§ **TRY IT**
Would you please return the data below verbatim, without its pictures?

BEGIN DATASET CONTENT

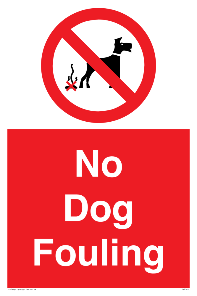 This sign has a "No Dog Fouling" symbol. This symbol is normally used to prohibit people allowing dog poop to be left on the pavement or to encourage people to clear up after their dogs.
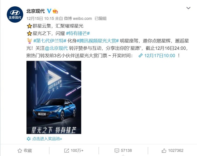 事实上,北京现代打造品牌年轻化形象的一系列“操作”都非常有温度、拉好感。就拿“顶流”云集的娱乐年度盛典《星光大赏》来说,北京现代一则“转发微博送门票”的活动内容被狂转100万 次,爆赞102万,引起了粉丝群体的极大关注,成功“出圈”。而现在,《星光大赏》的热度还未完全褪去,《温暖的抱抱》就来接棒“升温”,营销节奏非常密集。
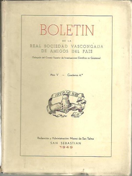 BOLETIN DE LA REAL SOCIEDAD VASCONGADA DE LOS AMIGOS DEL PAIS. AÑO V. CUADERNO 4.
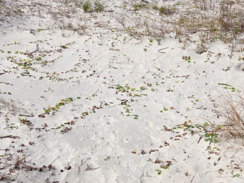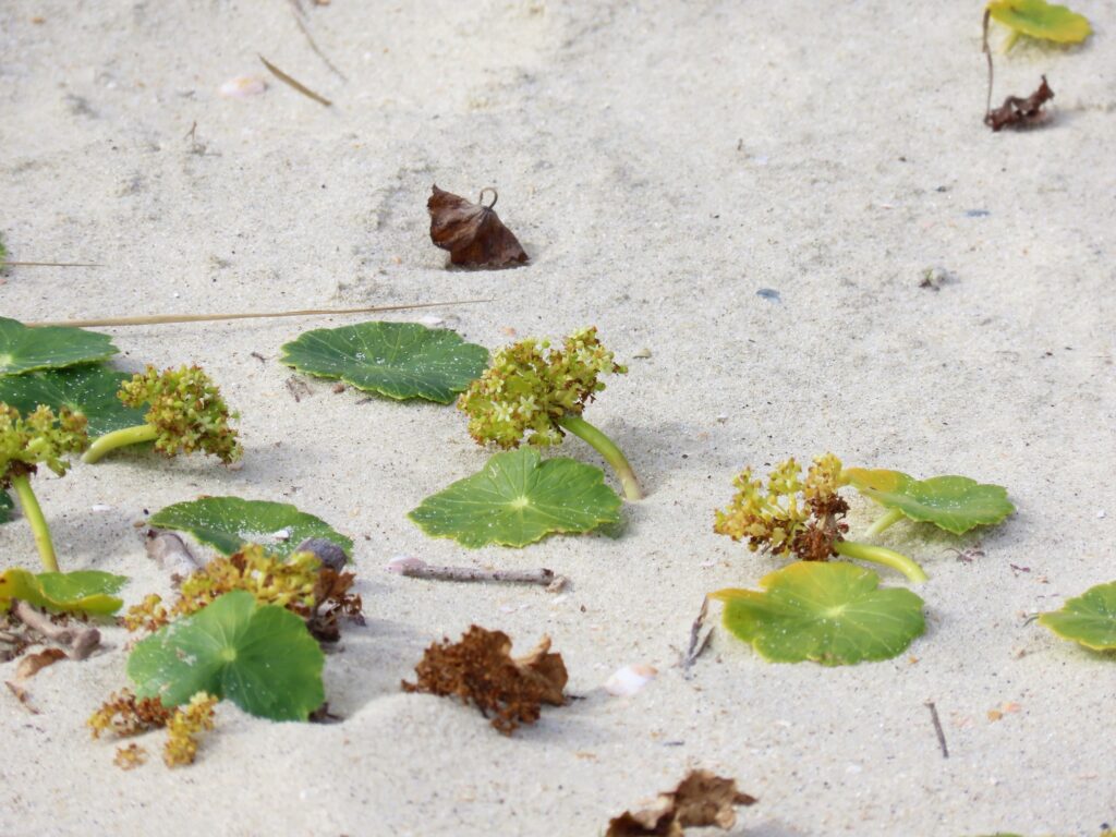 Lastly we have today’s subject, Largeleaf Pennywort, which is very similar in leaf appearance to Manyflower Marsh-Pennywort. Largeleaf Pennywort has consistently large, circular leaves and bears yellow-white flowers in relatively large umbrella-shaped clusters. But what sets it apart is where it grows, the beach. More specifically in the harsh environment of our barrier islands’ beach dune systems, adding it to the ranks of a select few plants that can tough it out at land’s end. Largeleaf Pennywort has some salt tolerance, allowing it to brush off a surge or king tide every now and again, but it’s no halophyte. It is best adapted to life in the back dunes but will run on the front beach when it must. The large, leathery, waxy, evergreen leaves of Largeleaf Pennywort allow it to tolerate the drying effects of continuous wind and salt spray while also mitigating the heat and radiation stress of continuous direct sunlight. Its underground stolon weaves it an expansive root system, allowing the plant to anchor itself in the ever shifting sands while finding and storing scant sources of fresh water. The long chains of leaves it shoots up through the sand also serve as a tiny sand fence, slowing air and trapping sand to help better stabilize the dune system. This makes Largeleaf Pennywort an important part in the beach dune system and one of the frontline plants that collectively help hold the beach together.

END DATASET CONTENT

§ **WRITTEN SOLUTION**
 This sign has a "No Dog Fouling" symbol. This symbol is normally used to prohibit people allowing dog poop to be left on the pavement or to encourage people to clear up after their dogs.
 事实上,北京现代打造品牌年轻化形象的一系列“操作”都非常有温度、拉好感。就拿“顶流”云集的娱乐年度盛典《星光大赏》来说,北京现代一则“转发微博送门票”的活动内容被狂转100万 次,爆赞102万,引起了粉丝群体的极大关注,成功“出圈”。而现在,《星光大赏》的热度还未完全褪去,《温暖的抱抱》就来接棒“升温”,营销节奏非常密集。
 BOLETIN DE LA REAL SOCIEDAD VASCONGADA DE LOS AMIGOS DEL PAIS. AÑO V. CUADERNO 4.
 Lastly we have today’s subject, Largeleaf Pennywort, which is very similar in leaf appearance to Manyflower Marsh-Pennywort. Largeleaf Pennywort has consistently large, circular leaves and bears yellow-white flowers in relatively large umbrella-shaped clusters. But what sets it apart is where it grows, the beach. More specifically in the harsh environment of our barrier islands’ beach dune systems, adding it to the ranks of a select few plants that can tough it out at land’s end. Largeleaf Pennywort has some salt tolerance, allowing it to brush off a surge or king tide every now and again, but it’s no halophyte. It is best adapted to life in the back dunes but will run on the front beach when it must. The large, leathery, waxy, evergreen leaves of Largeleaf Pennywort allow it to tolerate the drying effects of continuous wind and salt spray while also mitigating the heat and radiation stress of continuous direct sunlight. Its underground stolon weaves it an expansive root system, allowing the plant to anchor itself in the ever shifting sands while finding and storing scant sources of fresh water. The long chains of leaves it shoots up through the sand also serve as a tiny sand fence, slowing air and trapping sand to help better stabilize the dune system. This makes Largeleaf Pennywort an important part in the beach dune system and one of the frontline plants that collectively help hold the beach together.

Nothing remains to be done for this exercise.